[Stored entries]
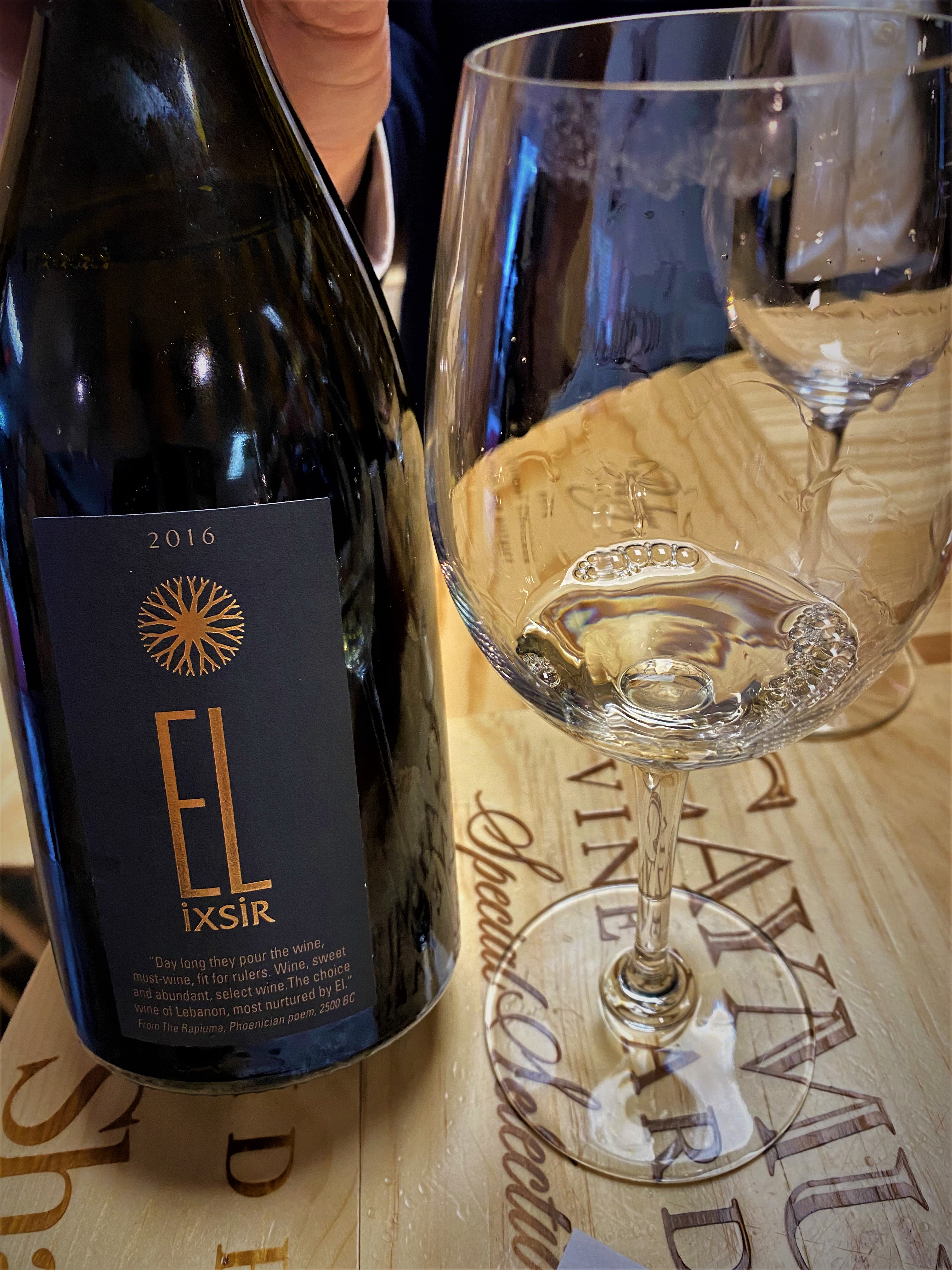 The other white wine that we tasted was Ixsir “EL Ixsir” White Batroun, Lebanon 2016. This wine is a blend of seventy percent Viognier and thirty percent Chardonnay and was aged on the lees for twelve months in French Oak, of which a third were new. This was an elegant white wine with floral notes, a full bodied dry white offering white fruits and spices, and a nice long finish of terroir. A wine that would hold its own with opening courses or pairing with dinner as a stand-alone. It offered depth and complexity, that one expects from a good white, and I have been finding that Viognier is great for cellaring as this five-year-old was totally fresh.
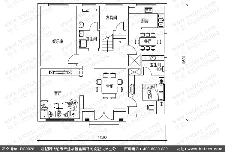一 層:堂屋、客廳、老人房(附衛生間)、娛樂室、廚房、餐廳、農具間、衛生間
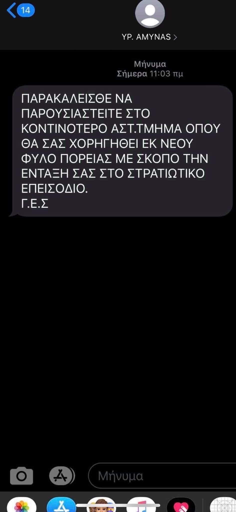 μήνυμα ( sms ),που αποστέλλεται σε κινητά τηλέφωνα, καλώντας τους πολίτες να παρουσιαστούν στο κοντινότερο Αστυνομικό Τμήμα για δήθεν χορήγηση Φύλλου Πορείας από το Στρατό.
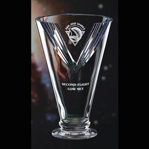 Introducing a trophy cup that is truly a cut above! Our Victory Cup flashes the universal V for victory in a way that cannot be ignored. Mouth-blown and cut by hand, this radiant prize is crafted of very heavy full-lead crystal. For aesthetics we recommend your award inscription and logo positioned as shown. Due to the handcrafted nature of this piece, please expect small bubbles, etc. will occur. Available in 3 sizes. Small measures 8.5 inches H x 5.5 inches W. Etch area: Logo: 1.5 inches H x 1.5 inches W Copy: 1.75 inches H x 2 inches W. Medium measures 9.5 inches H x 6 inches W. Etch area: Logo: 1.75 inches H x 1.75 inches W Copy: 2 inches H x 2.25 inches W. Large measures 11 inches H x 7 inches W. Etch area: Logo: 2 inches H x 2 inches W Copy: 2.25 inches H x 2.5 inches W. PA wonderful choice for rewarding excellence and victory. SKU: 53xx-jc.
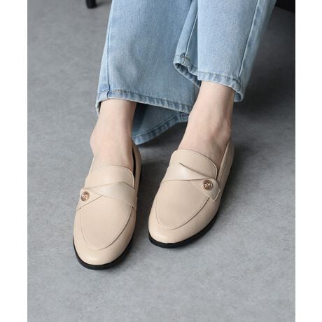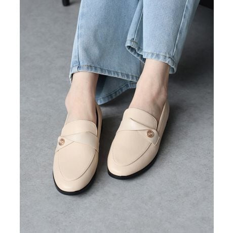 足元にクラス感を添える、ゴールドモチーフをあしらったキチンと見えローファー。
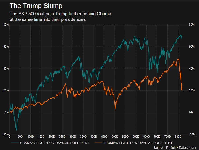 Measuring from Trump’s inauguration on Jan 20, 2017, the S&P 500 is now up less than 10%, compared to a gain of 70% under Obama during the same span of his first term.
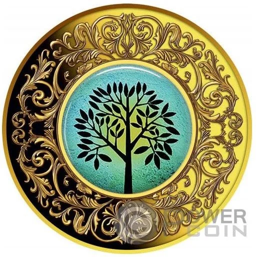 Tree in circle, framed by leaves.
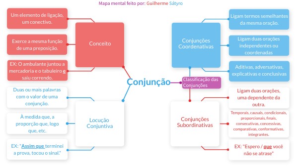 Um mapa mental resumindo sobre as conjunções na língua portuguesa.
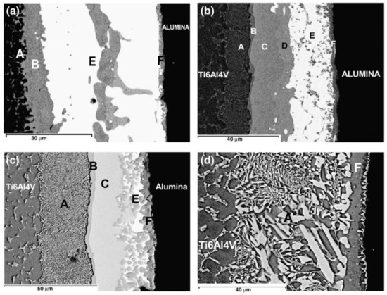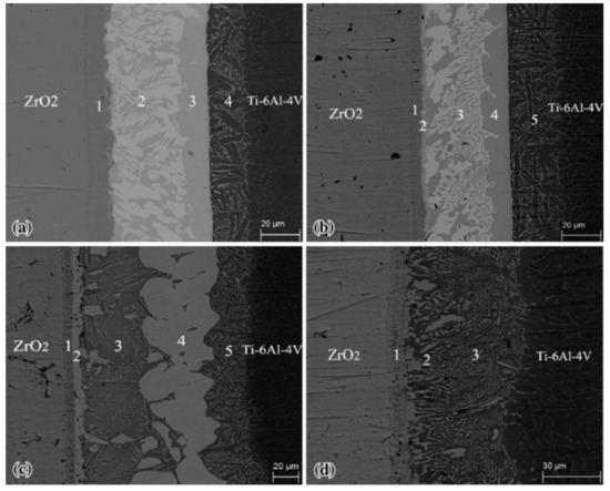 SEM images of Ti6Al4V/Al2O3 interface microstructure at bonding temperature of 750 °C for: (a) 10 min; (b) 20 min; (c) 30 min; (d) 60 min, reproduced from Reference [48] with permission of Elsevier, 2009.
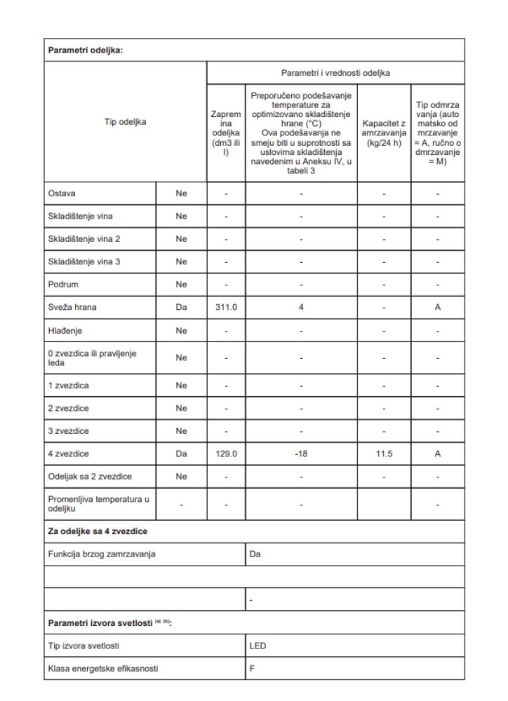 | Tip | Samostojeći frižider sa zamrzivačem |
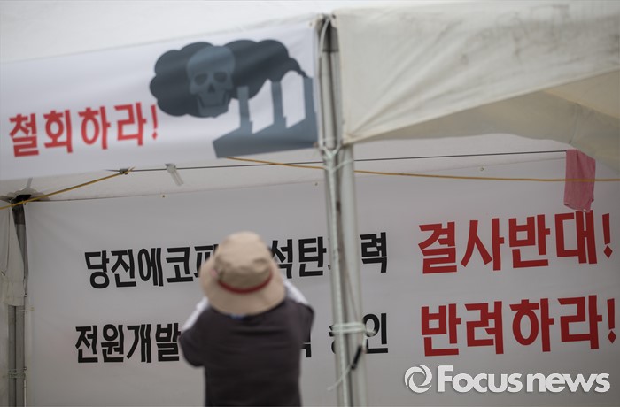 (서울=포커스뉴스) 당진시 송전선로 석탄화력 저지 범시민대책위원회 관계자들과 환경단체 회원들이 20일 오전 서울 종로구 광화문 광장에서 당진 에코파워 석탄화력발전소에 대한 전원개발실시계획 승인 신청 반려를 촉구하고 있다.
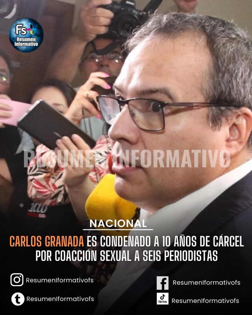 Un tribunal de sentencia condenó a 10 años de cárcel al periodista Carlos Granada, ex gerente del Grupo Albavisión, por los hechos de coacción sexual y violación, acoso sexual y coacción.
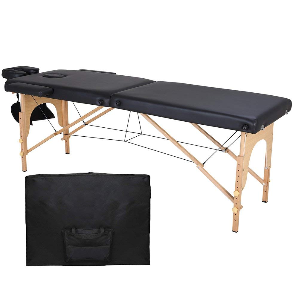 AOSUN Professional Portable Massage Table Folding Massage Bed With Carrying Case For Salon SPA,Black
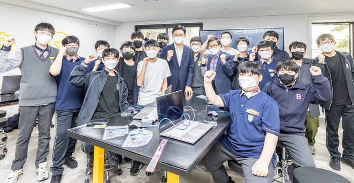 박성수 서울 송파구청장은 지난 19일 민선7기 역점사업인 구 자체 교육지원 시스템 ‘송파쌤 미래교육센터’ 14개관 중 5곳을 현장 방문하고, 이용 주민들의 의견을 청취했다. 사진은 송파쌤 미래교육센터 오금 Hub(7관) '메이킹 입문·프로젝트 프로그램' 수강 학생들과 박 구청장(가운데)이 기념촬영을 하고 있는 모습. (사진제공=송파구청)
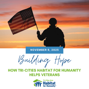 Tri-Cities Area Habitat for Humanity is an ecumenical Christian organization founded in 1989 with a mission to eliminate substandard housing in our community. Since then, we have built over 60 simple, decent, and affordable homes in the Tri-Cities area. We work in partnership with local churches, businesses, and individuals to construct homes that provide stability and opportunity for our Partner Families.
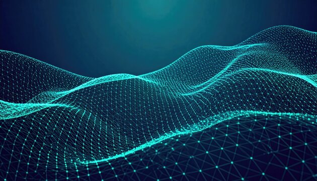 An abstract digital network grid with interconnected white dots, flowing in a wave-like pattern with a gradient of green and blue hues against a dark background
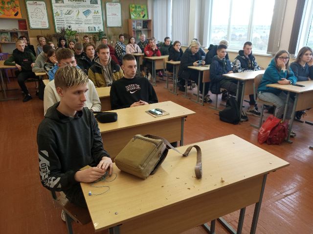 В ходе содержательной беседы Артём Владимирович познакомил учащихся старших курсов с правилами призыва на военную службу, рассказал о современном оснащении различных родов войск, о солдатских буднях. Ребятам интересно было узнать, как организован быт современного военнослужащего, питание, общение с родными и близкими.
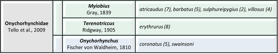 Traditional genus-level classification of extant Onychorhynchidae following the AviList checklist v2025. (link) The number of subspecies is given in parentheses. It should be noted, however, that the genus Onychorhynchus may contain more than two species (Reyes et al., 2023).
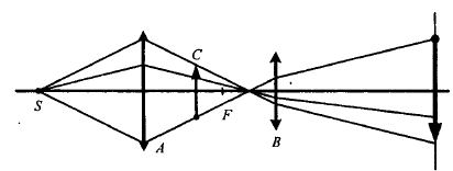 Начертите ход лучей в проекционном фонаре (рис. 136). S — источник света, А — конденсатор, С — диапозитив, В — объектив, F — фокус объектива
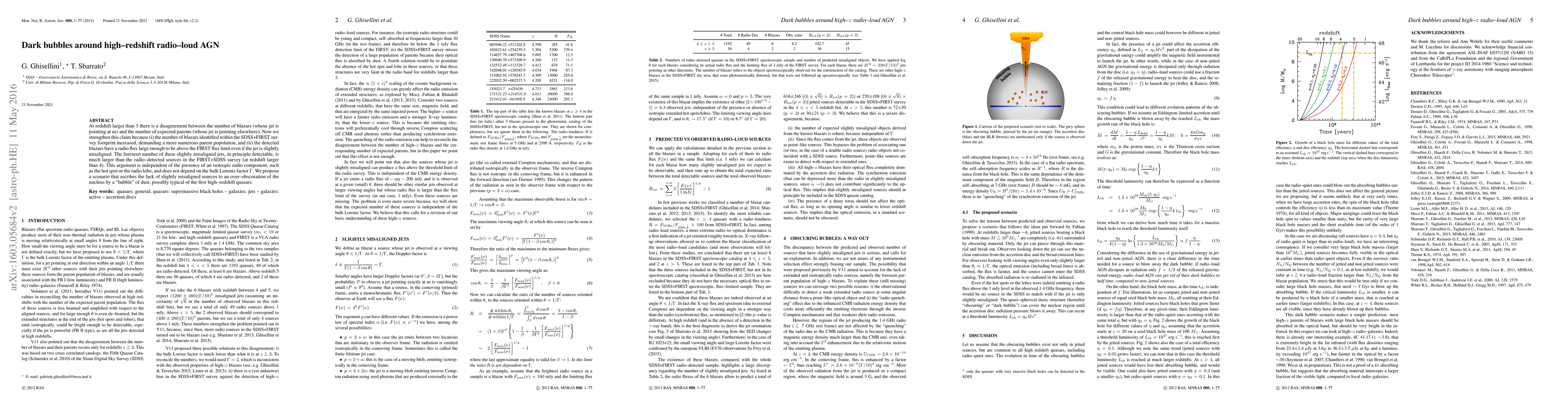 At redshift larger than 3 there is a disagreement between the number of blazars (whose jet is pointing at us) and the number of expected parents (whose jet is pointing elsewhere). Now we strengthen this claim because (i) the number of blazars identified within the SDSS+FIRST survey footprint increased, demanding a more numerous parent population, and (ii) the detected blazars have a radio flux large enough to be above the FIRST flux limit even if the jet is slightly misaligned. The foreseen number of these slightly misaligned jets, in principle detectable, is much larger than the radio-detected sources in the FIRST+SDSS survey (at redshift larger than 4). This argument is independent of the presence of an isotropic radio component, such as the hot spot or the radio lobe, and does not depend on the bulk Lorentz factor Gamma. We propose a scenario that ascribes the lack of slightly misaligned sources to an over-obscuration of the nucleus by a "bubble" of dust, possibly typical of the first high-redshift quasars.
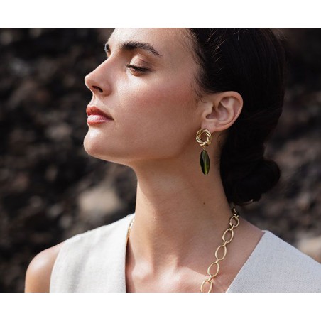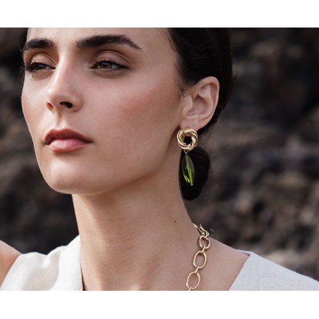 Boucles d'oreilles doré-vert pendantes Chic Alors Paris
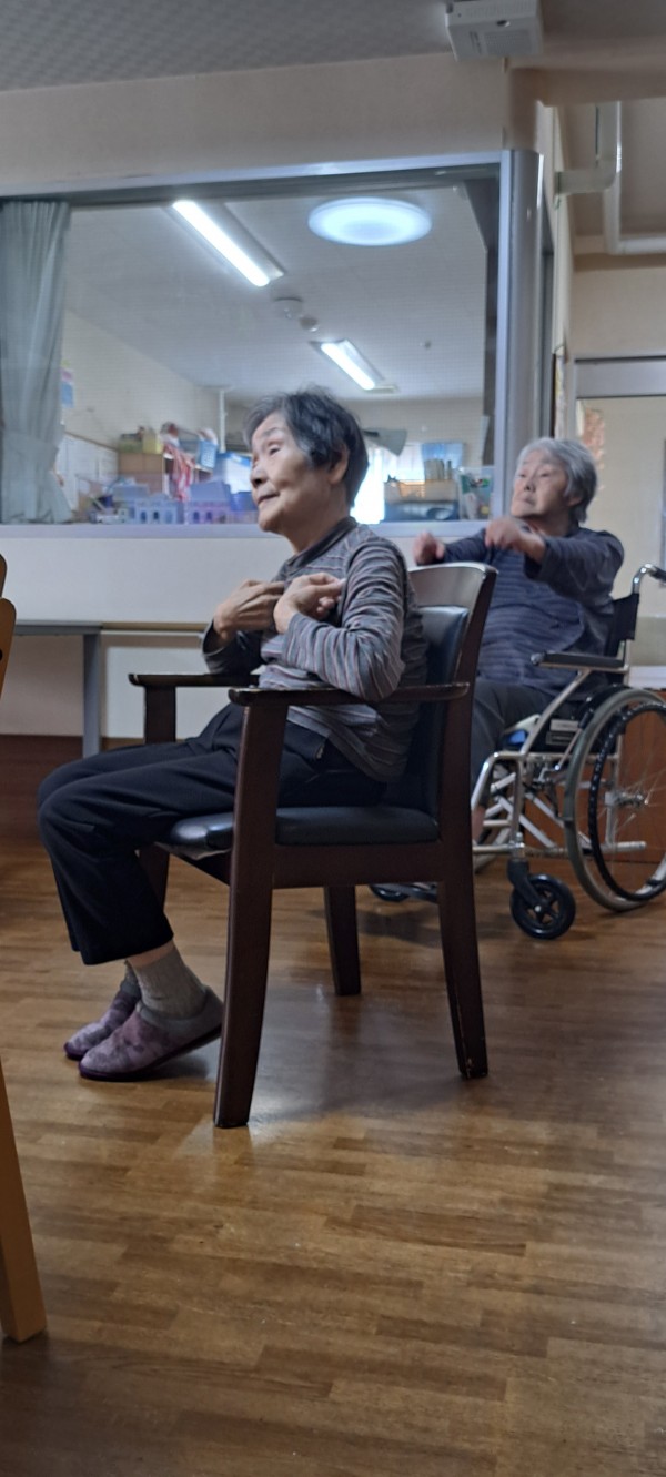皆様でクリスマスの歌を歌いながら体を大きく動かしていき、「体操が好きですよ。体操は体に良いですよ」と楽しそうに仰られました。

# PROBLEM STATEMENT
Each line from the beginning of the entries up to and including the one containing "一 層:堂屋、客廳、老人房(附衛生間)、娛樂室、廚房、餐廳、農具間、衛生間" must be restated exactly. Pictures are to be left out.

# ANSWER FOR THE TASK
 The other white wine that we tasted was Ixsir “EL Ixsir” White Batroun, Lebanon 2016. This wine is a blend of seventy percent Viognier and thirty percent Chardonnay and was aged on the lees for twelve months in French Oak, of which a third were new. This was an elegant white wine with floral notes, a full bodied dry white offering white fruits and spices, and a nice long finish of terroir. A wine that would hold its own with opening courses or pairing with dinner as a stand-alone. It offered depth and complexity, that one expects from a good white, and I have been finding that Viognier is great for cellaring as this five-year-old was totally fresh.
一 層:堂屋、客廳、老人房(附衛生間)、娛樂室、廚房、餐廳、農具間、衛生間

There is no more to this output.